How to Get a Gig Worker
Hiring a freelance worker for your business is not complicated. One of the main things to remember is that you cannot, and should not, try to control the work environment for the freelancer. Based on the IRS rules as mentioned above, a freelancer is an independent contractor and must be treated differently than an employee. You cannot set the freelancer’s hours, (although you can give parameters), furnish all tools, control his or her work, or take out money for their taxes.
A recent Oxford University study suggests that employers first do their homework before hiring just any freelancer. The study states that it all boils down to making sure there is clear communication between the employer and freelancer before signing a contract. To ensure this happens, the employer should write clear and complete proposals and very clear and specific goals so that the freelancer understands exactly what you need. If you can, always include details regarding what it is, what it’s for, and how and when you need it.
The more freelancers you begin using, the easier it is to hire them.
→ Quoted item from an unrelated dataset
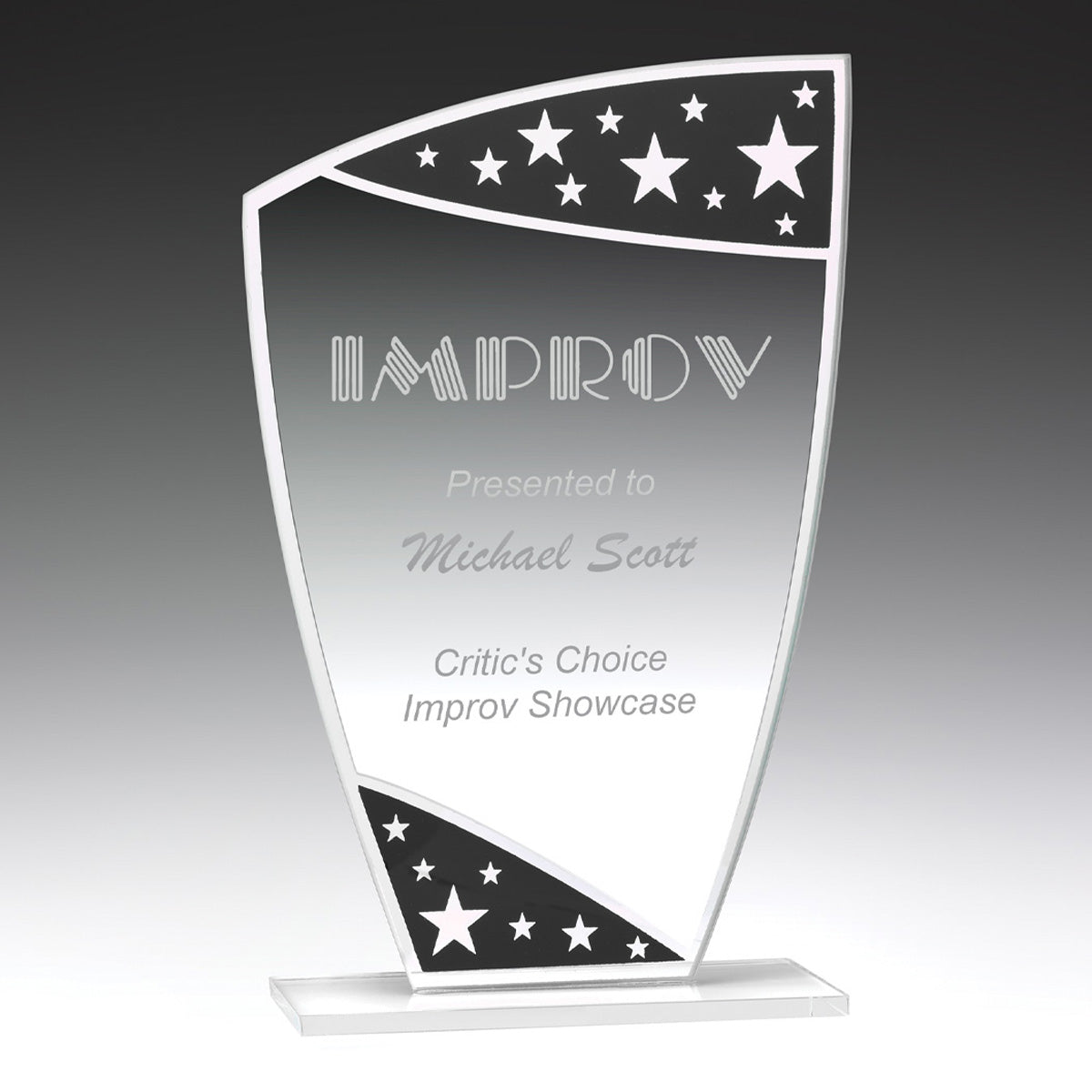 Sparkle glass awards offer a fun and affordable option suited for variety of events. Different colours to choose from & brilliant multi-star design.
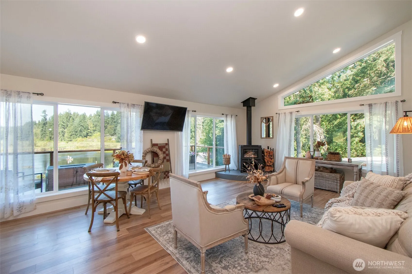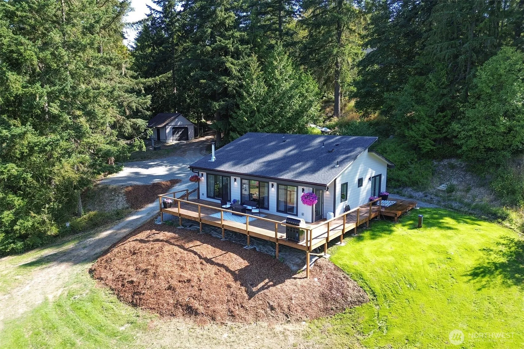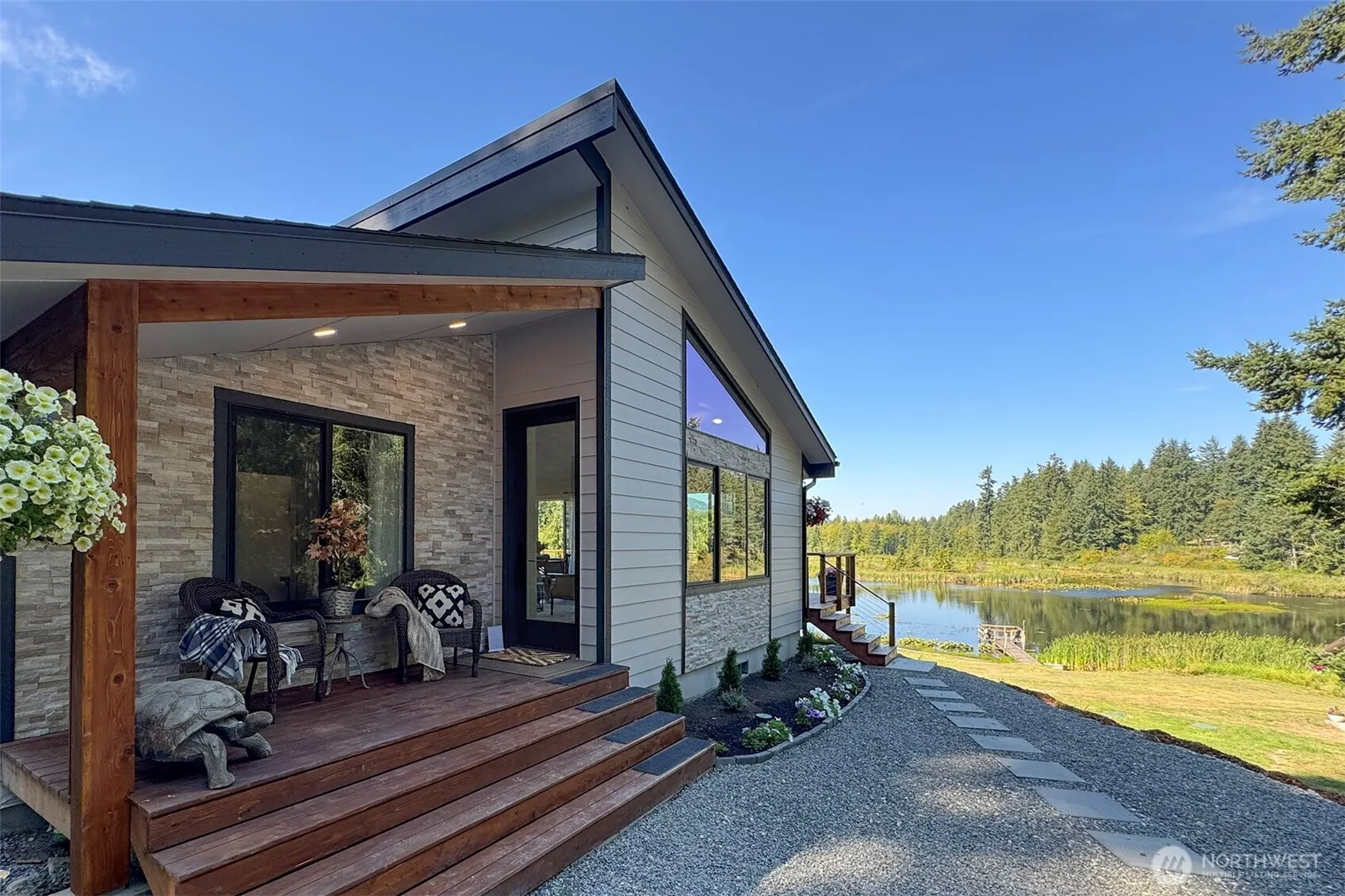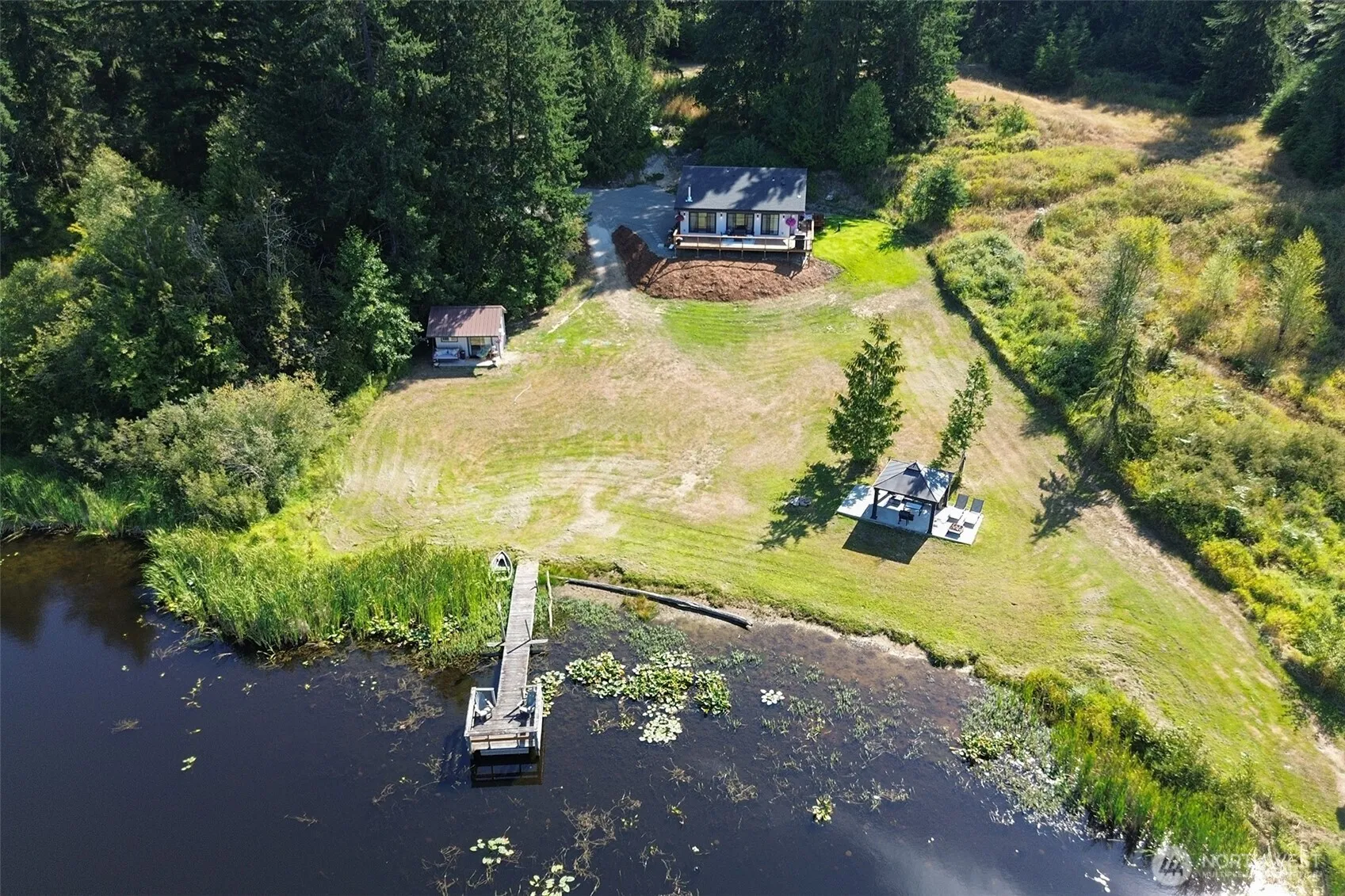 Abode Northwest is a modern, minimalist home inspired by the Pacific Northwest. With nearly 6 acres of premier waterfront on private Lake Sharon, this brand-new 2025 custom build boasts sweeping views of Lake Sharon and the Olympic Mountains, with a private dock and great bass fishing at your back door. Sunlit single-level 2 bed 2 bath living with vaulted ceilings and French doors to a west-facing deck for golden-hour sunsets. Spa-style primary bath with custom tile work and heated floors. Detached finished shed, detached garage, cabana/gazebo, and outbuildings for gear and hobbies. Quiet dead-end lane—enjoy birdsong, stargazing, and the rhythms of nature. Classic simple Northwest living minutes to town, trails, and salt water

But if you are just now venturing into using freelancers, you may find this Forbes magazine article that lists six steps for finding and hiring freelancers helpful. Three key takeaways include:
Determine your needs—seems obvious, but the first key to finding a great freelancer, (and even a great employee), is to determine what the job entails. Conducting a good job analysis, including what functions need to be performed, what is required to perform them, and what is the expected outcomes.
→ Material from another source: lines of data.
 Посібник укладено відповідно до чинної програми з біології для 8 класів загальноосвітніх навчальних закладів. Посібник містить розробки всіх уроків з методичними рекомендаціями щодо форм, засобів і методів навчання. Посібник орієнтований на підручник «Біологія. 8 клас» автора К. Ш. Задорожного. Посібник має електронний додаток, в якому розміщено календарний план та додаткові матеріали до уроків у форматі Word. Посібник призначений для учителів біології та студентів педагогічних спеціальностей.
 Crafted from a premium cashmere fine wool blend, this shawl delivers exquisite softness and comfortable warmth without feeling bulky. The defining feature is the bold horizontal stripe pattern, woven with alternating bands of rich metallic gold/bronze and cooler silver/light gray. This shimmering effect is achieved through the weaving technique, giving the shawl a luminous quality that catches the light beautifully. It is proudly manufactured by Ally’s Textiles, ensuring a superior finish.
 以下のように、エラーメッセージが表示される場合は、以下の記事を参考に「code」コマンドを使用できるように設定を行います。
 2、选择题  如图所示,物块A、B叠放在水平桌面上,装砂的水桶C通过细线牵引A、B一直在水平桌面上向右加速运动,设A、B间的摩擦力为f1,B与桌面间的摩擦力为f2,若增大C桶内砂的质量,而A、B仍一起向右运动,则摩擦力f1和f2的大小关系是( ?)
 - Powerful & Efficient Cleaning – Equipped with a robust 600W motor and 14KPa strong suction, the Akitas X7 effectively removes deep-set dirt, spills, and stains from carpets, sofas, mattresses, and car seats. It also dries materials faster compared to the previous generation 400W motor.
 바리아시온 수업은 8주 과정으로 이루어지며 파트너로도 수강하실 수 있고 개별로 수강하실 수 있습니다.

Post on job boards and access your network—there are a lot of freelance job boards out there today including Upwork and ProBlogger Jobs as well as 18 others that can be found here. In addition, access your personal and professional network to find folks who are doing freelance work now.
Be very selective—freelancers abound in today’s economy. There is no reason to settle on the first one you interview. Be sure to get the freelance that can perform according to your standards.
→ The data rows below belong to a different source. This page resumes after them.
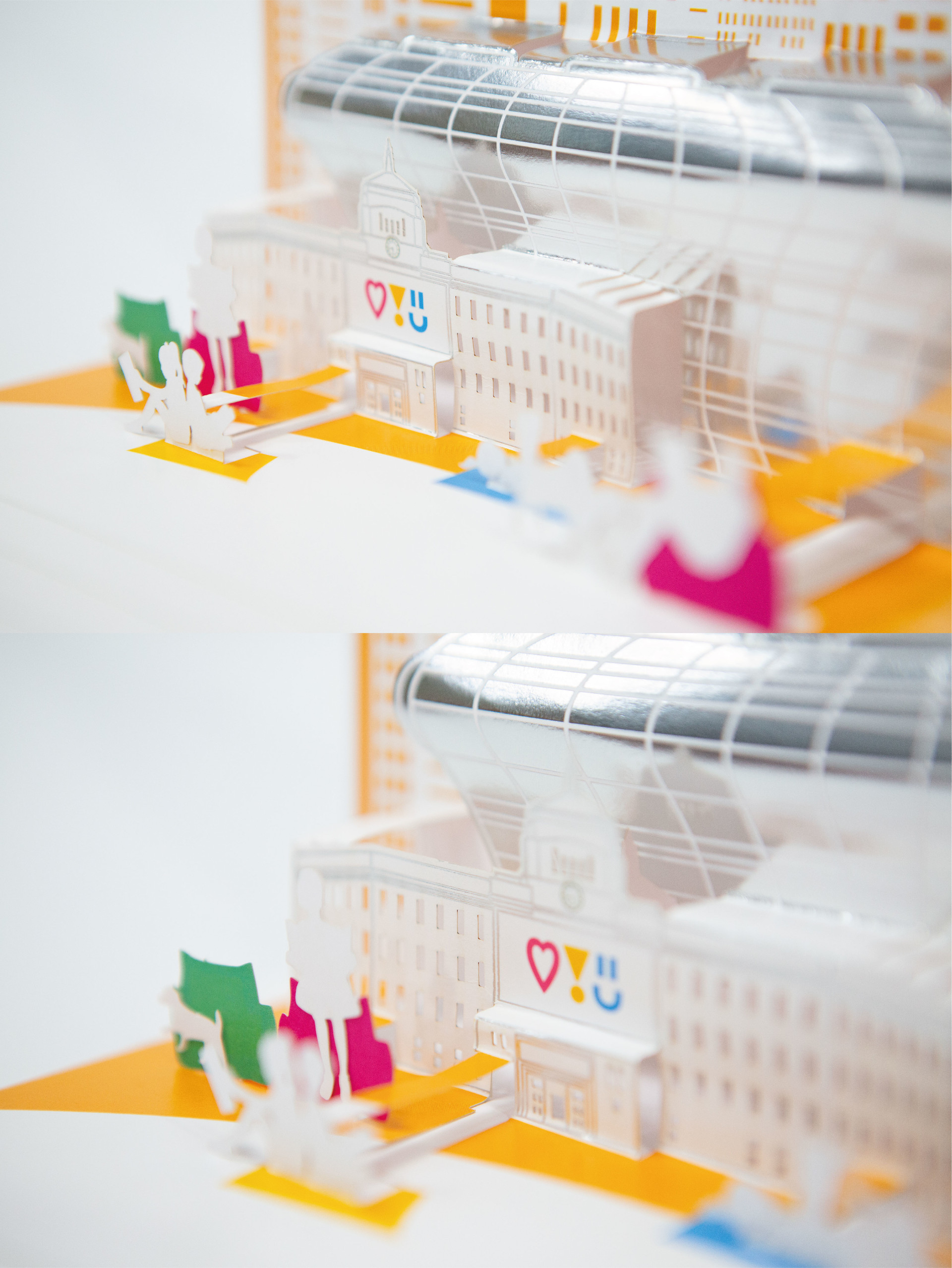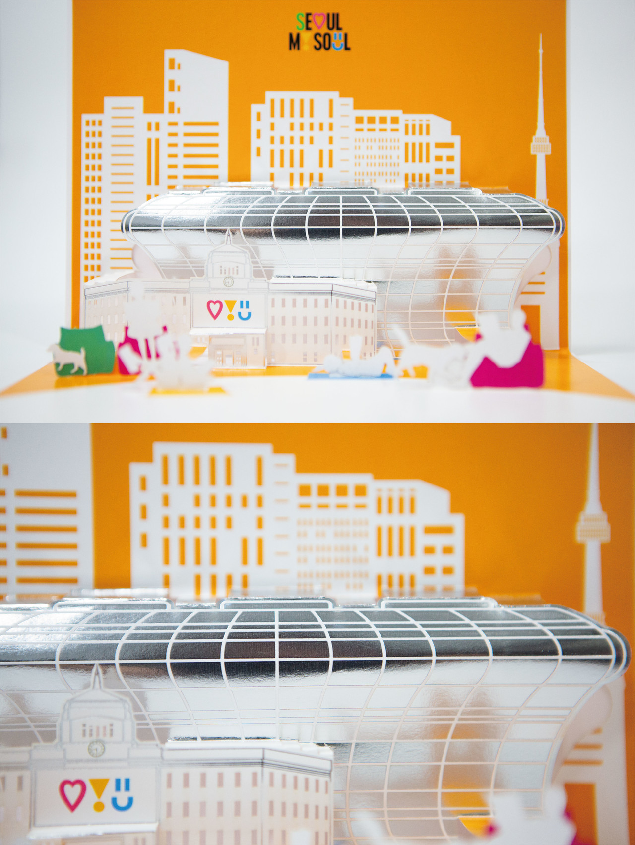 서울신청사는 은박 가공을 적용해 빛나는 질감과 현대적인 신축 건축의 이미지를 강조했으며, 실제 공간의 전후 관계를 기준으로 서울시청 일대의 상징적인 건축 구성을 구조적으로 표현하였습니다.
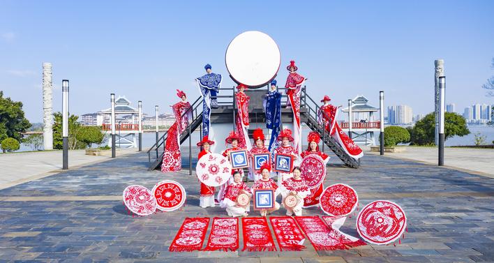10月22日,嘉鱼县二乔环湖公园广场,来自县内“艺剪中心”的八位非遗剪纸传承人和身着剪纸华服的模特,在雄风台上演时装秀,为重阳佳节注入文化新意。(湖北日报农村版记者 彭翠楠 通讯员 雷平 庞建琴 摄)
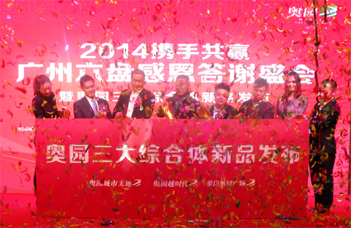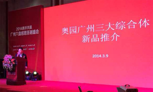 (2014年3月9日——廣州)“廣州奧園六盤感恩答謝盛會暨奧園三大綜合體新品發布”活動在奧園高爾夫酒店隆重舉行,主辦方奧園集團廣州區域公司邀約了中山大學的博士生導師林江教授發表關于“2014年房地產市場分析及預測”的主題演講,同時啟動“奧園城市天地、奧園越時代、蘿崗奧園廣場”三大綜合體的新品發布,當天現場吸引了600多位業主、客戶前來參加。

Negotiating with freelancers doesn’t have to be a complicated process. Don’t look at negotiating as an opportunity to get a bargain-basement deal, but rather it's for you and the candidate you're considering to come to a mutual agreement based on the value of the project and the freelancer's skills. As the business owner or leader, you need to set a clear work scope and be clear about your budget during the negotiation process. Once you and the freelancer have agreed upon the terms, let the freelancer perform the agreed upon task without interference.
Freelancers: Part of Hiring Strategy
Freelancers have their place in the workforce today. As part of your hiring strategy, consider using freelancers where appropriate. It is not a perfect plan for completing specific projects correctly and on time. Overall, the utilization of freelancers entails both benefits and drawbacks. Some freelancers might not live up to their promises or meet your expectations, while others might help you solve a myriad of critical and urgent issues in a matter of days. Consider freelancers as another arrow in your quiver to help you conduct business and compete well within your field. They are a resource that should be considered and utilized in addition to your traditional workforce.